Kajian tersebut mencakup al: stakeholders review, market shifts di tiga sektor (trade, tourism, investment), value proposition daerah, competitive advantage daerah, dsb.
Setelah melakukan berbagai kajian ini, perubahan brand dilakukan karena alasan strategik dan fundamental.
- Pertamina misalnya, merubah brand (logo/tagline) karena alasan sangat strategis yaitu: transformasi bisnis besar-besaran dari “perusahaan MINYAK” menjadi “perusahaan ENERGI”.
- Yogya mengubah brand-nya dari “Jogja: Never-Ending Asia” menjadi “Jogja Istimewa” karena berubahnya lingkungan bisnis dan bergesernya value proposition Jogja.
- Sementara brand pariwisata Indonesia “Wonderful Indonesia” sudah dipakai oleh 4 menteri dan sampai sekarang masih terus dipakai karena secara strategik brand value dan brand identity-nya masih relevan.
Yang saya risaukan, penggantian slogan baru Jakarta saat ini tidak dilandasi pertimbangan fundamental dan strategik di atas. Tapi karena adanya pejabat gubernur baru.

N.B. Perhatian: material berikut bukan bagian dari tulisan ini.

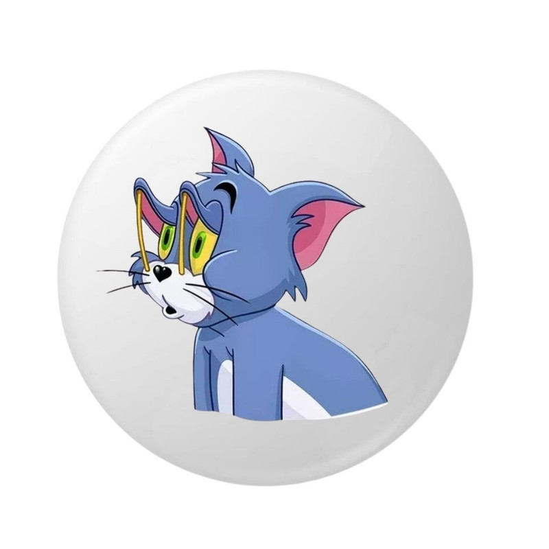 Aceasta insigna rotunda prezinta o ilustratie inspirata din stilul animatie clasica, reprezentand un personaj tip pisica albastra cu expresie surprinsa si detalii grafice accentuate. Culorile vii si liniile bine definite ofera un aspect atractiv, usor de remarcat pe orice tip de accesoriu vestimentar.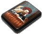 The portrait is framed with a gold line; two parallel gold lines can be also found wrapping around the box's sides.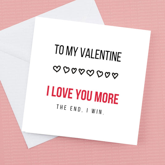 I love you more -the end, I win. Valentines Card Can Be Customised.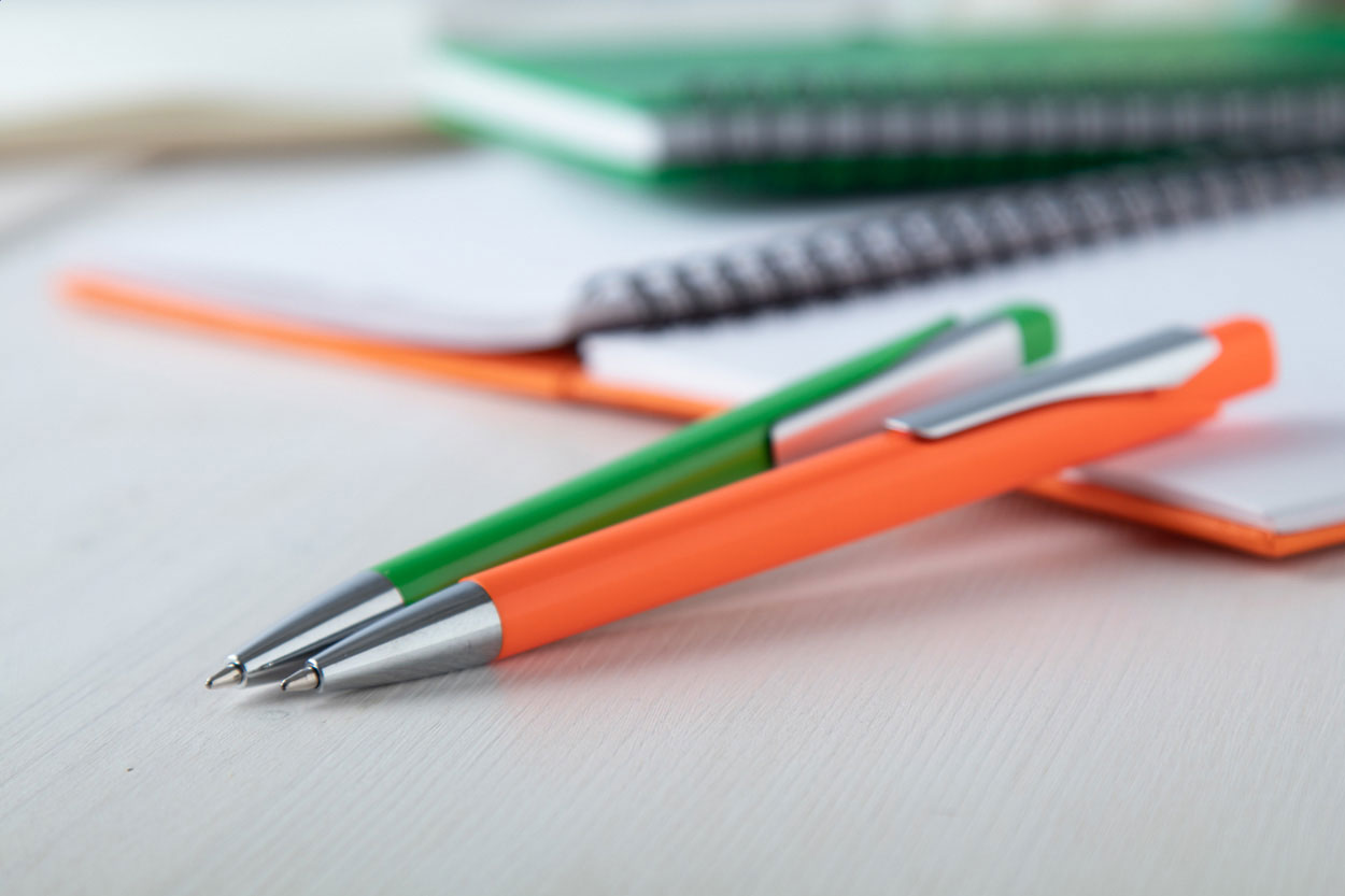 Plastové kuličkové pero se stříbrným klipem a chromovou špičkou. Modrá náplň. Mechanismus: tlačítkový. Certifikace Push action.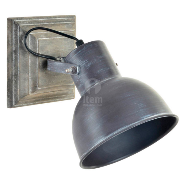 Lámpara de pared con foco metálico orientable y base cuadrada de madera moldurada con un bonito efecto decapado. La pantalla metálica es en acabado zinc envejecido. Ideal para cabeceras de dormitorio, librerías, pasillos, etc.
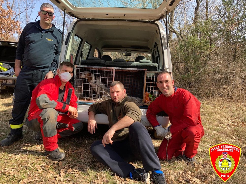 Jadan je pas imao sreće u nesreći, jer ga je slučajni prolaznik čuo kako cvili i laje u srijedu ujutro. Odmah je pozvao pulske vatrogasce i njih četvoro su krenuli u akciju.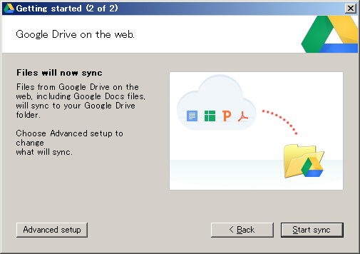 一番左のAdvanced Setup は同期させるフォルダや同期させるGoogleDocumentを指定できます。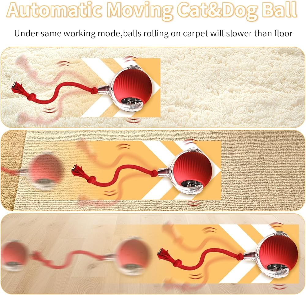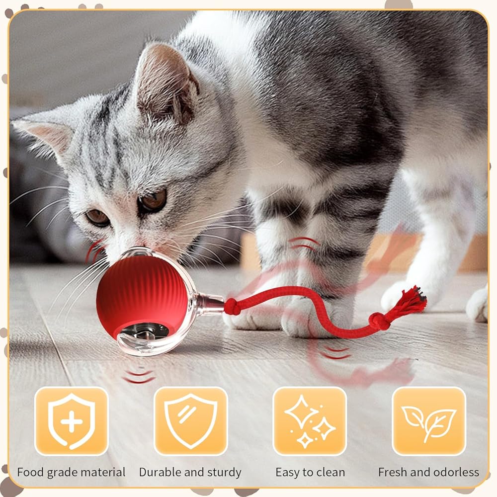 كرة ألعاب تفاعلية للقطط، كرة ألعاب للقطط تتحرك تلقائيًا، كرة للكلاب الكهربائية، كرة دوارة تفاعلية للكلاب والقطط للأنشطة الداخلية. كرة الحيوانات الأليفة المتدحرجة الأوتوماتيكية الذكية (أحمر).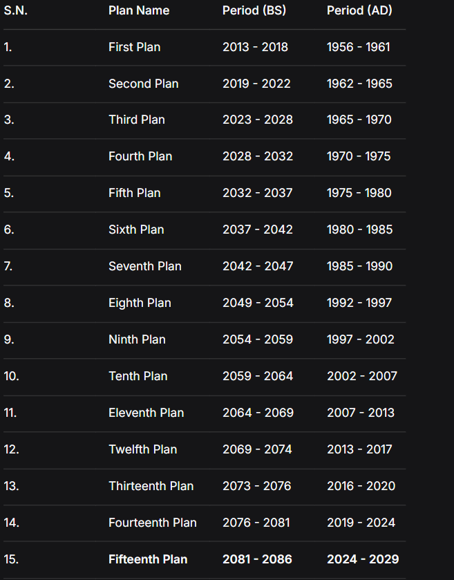 - Table: History of Economic Plans in Nepal

“Ganti gubernur, ganti slogan”
Yang lebih saya risaukan, ketika setahun lagi Jakarta punya gubernur baru lagi, maka gubernur baru akan meluncurkan brand baru lain lagi.
Faktor kunci sukses branding adalah : ISTIQOMAH, KONSISTENSI, PERSISTENSI.
Kalau brand Jakarta mencla-mencle, maka tiga target konsumennya: TRADER, TOURIST, INVESTOR (TTI) akan bingung. Warga Jakarta pun akan bingung.
Sampai kapanpun BRAND POSITIONING Jakarta tak akan pernah terbentuk.